The following Tweet was posted by Vanguard this morning – “Delaying gratification, avoiding debt, & saving are all central to a financial literacy program for student”. We all know that we are more responsible for funding our retirement than at any time in the last 60 years, but just because we know doesn’t mean we have the ability to do so.

Defined Contribution plans are the vehicles of choice for most private sector employers, if not their employees. However, funding these plans, even to meet the company match, is not easy for many (most) low to middle income households. At KCS, we’ve discussed the benefits of participating in a DB plan versus a DC plan since our founding.

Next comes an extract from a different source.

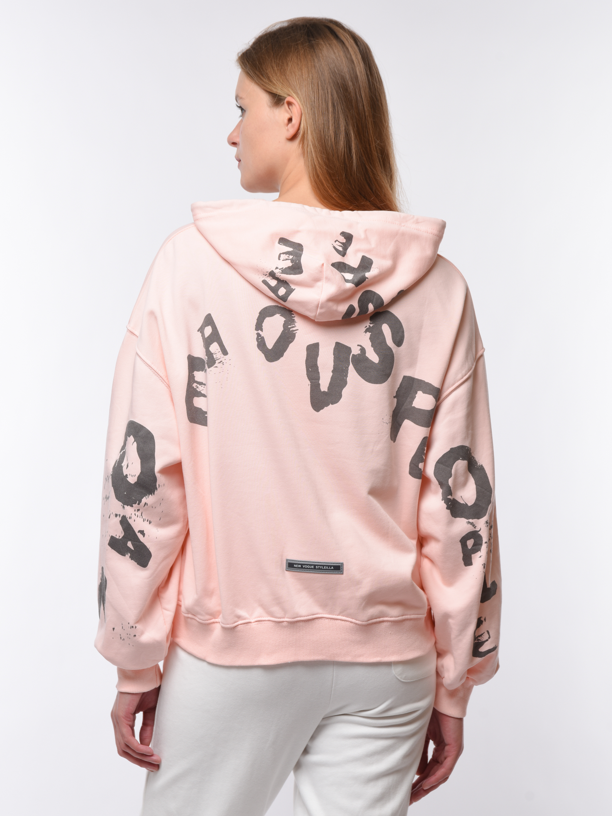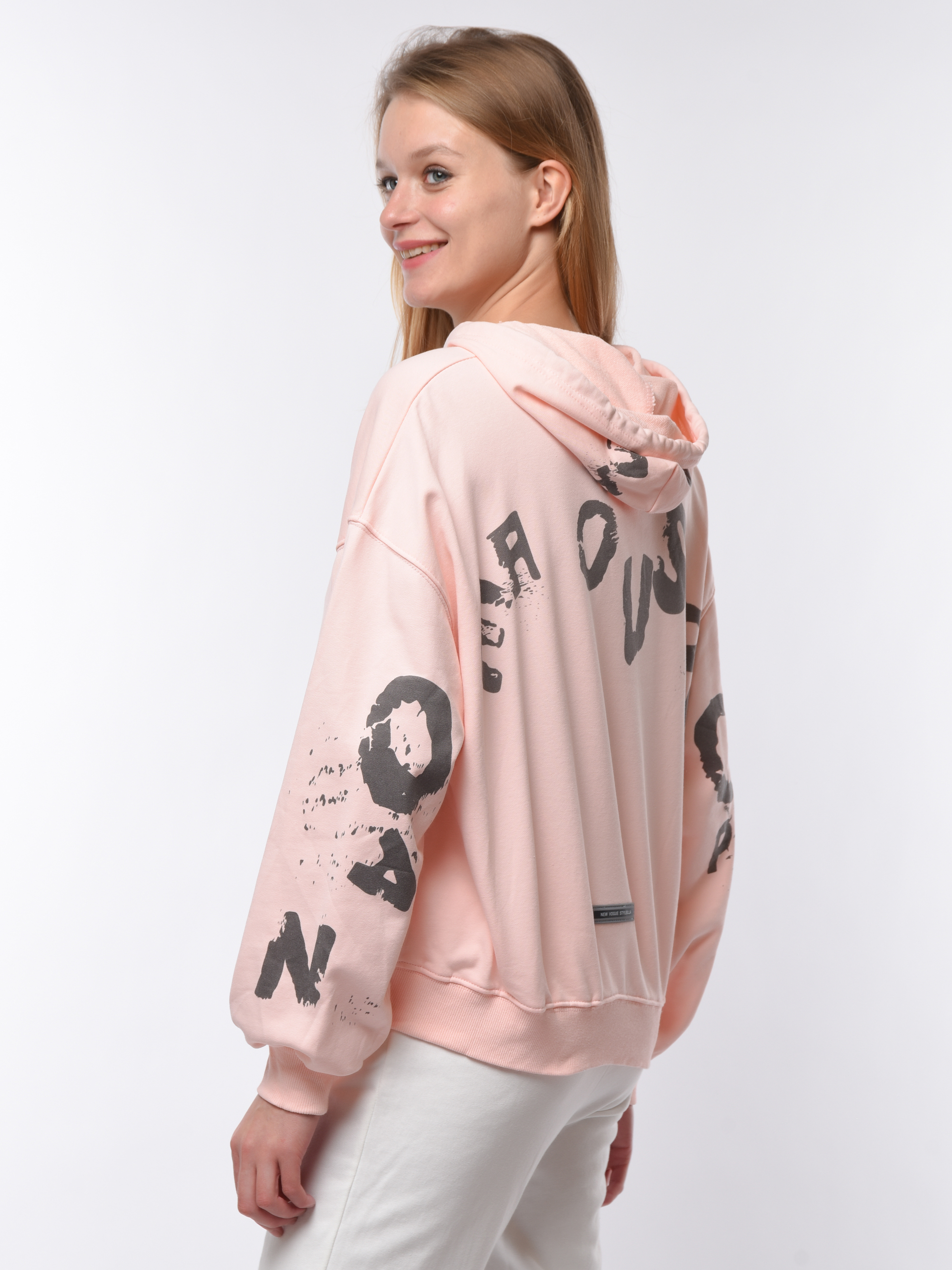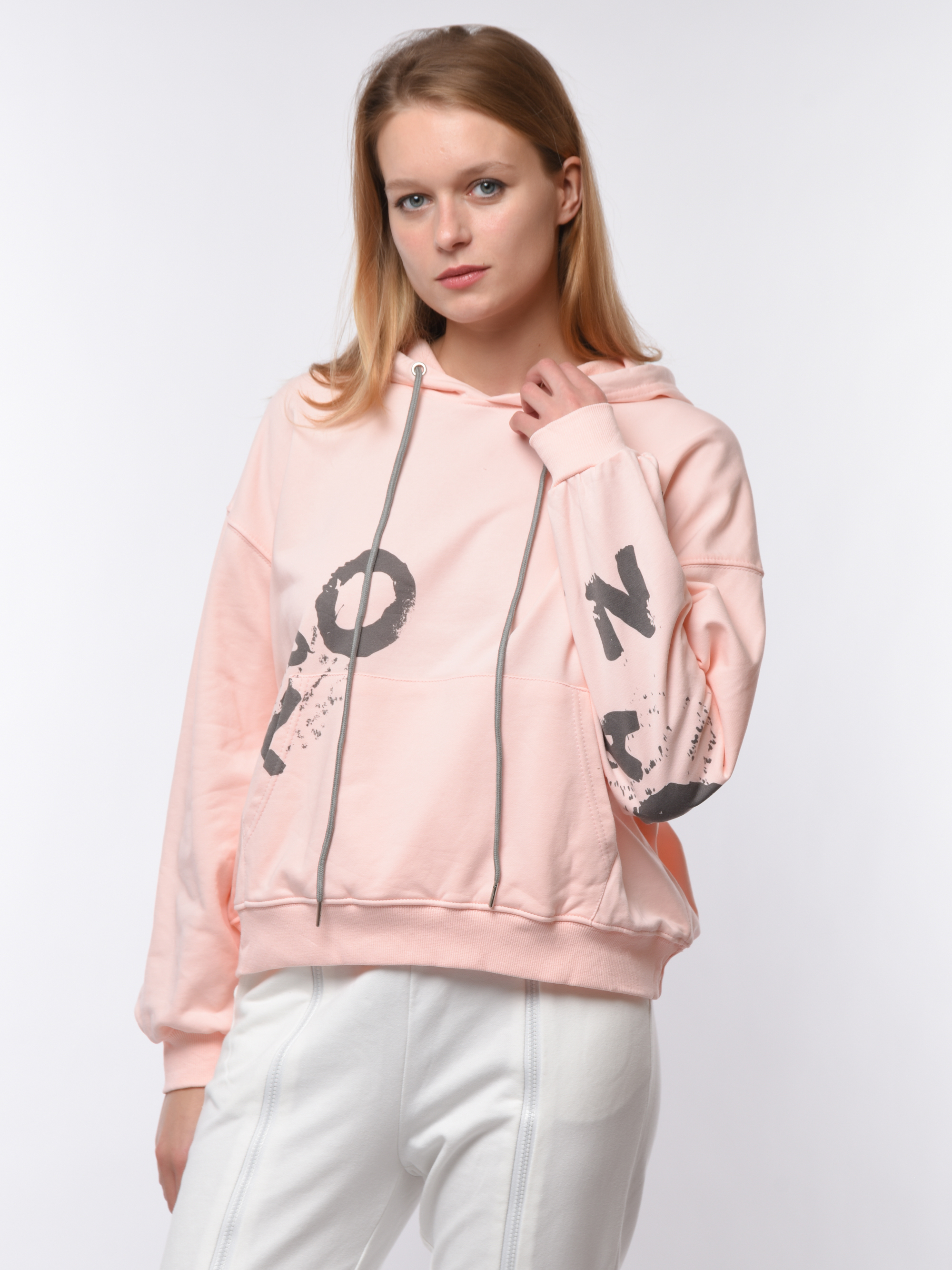 Толстовка женская свободного кроя с капюшоном. Дополнена манжетами на рукавах и по низу. По всей поверхности украшена крупными надписями. Изготовлена из комфортного материала, сочетающего практичность эластана и натуральность хлопка. Идеально подходит для ежедневной носки и активного отдыха. Удобна и долговечна благодаря качественному исполнению от бренда Cascatto. Рекомендуется бережная стирка при 30°C.
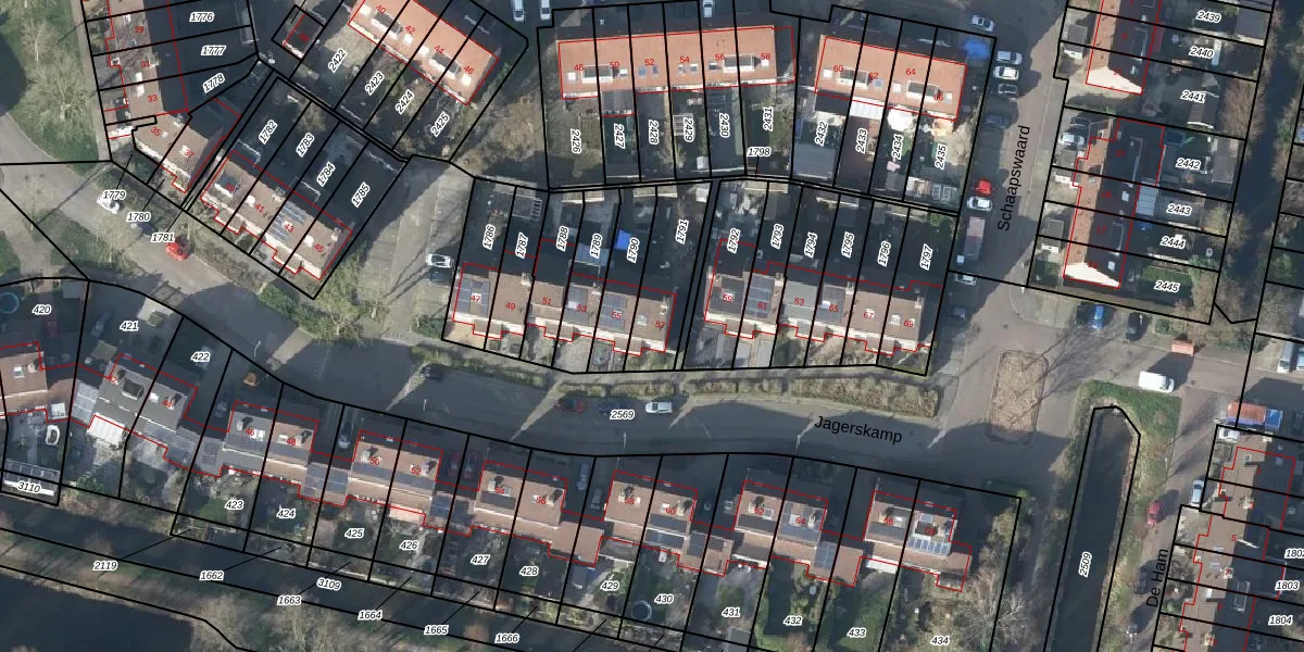 Het perceel waarop Jagerskamp 57 staat heeft een oppervlakte van 226 m². Dit is een middelgroot perceel. De perceeloppervlakte wordt geregistreerd door het Kadaster. Gedetailleerde informatie over de maten van dit perceel kunt u vinden in het rapport Kadastrale kaart met maatvoering van Jagerskamp 57.

But, if you have a job, don’t have substantial student loan our housing debt, and can afford to make sizable contributions into your retirement program, it is better to delay gratification and make those contributions as early and often as possible. Why? Because the math of compounding truly works.

For instance, if a 22 year old can make a monthly contribution of $833 for 10 years, the $99,960 in contributions growing at 4% / year will become $438,393.12 upon reaching age 65. Again, that is with making contributions for only the first 10 years. At that point, you’ve basically funded your retirement and now you can begin acquire some of the other assets that you’ve been deferring.

However, if you can’t fund your retirement upfront with sizable monthly contributions, but can only put in $194 / month for the next 43 years growing at 4% until age 65, your balance upon retirement would only be $256,648.87, or roughly $182,000 less in total assets. WOW!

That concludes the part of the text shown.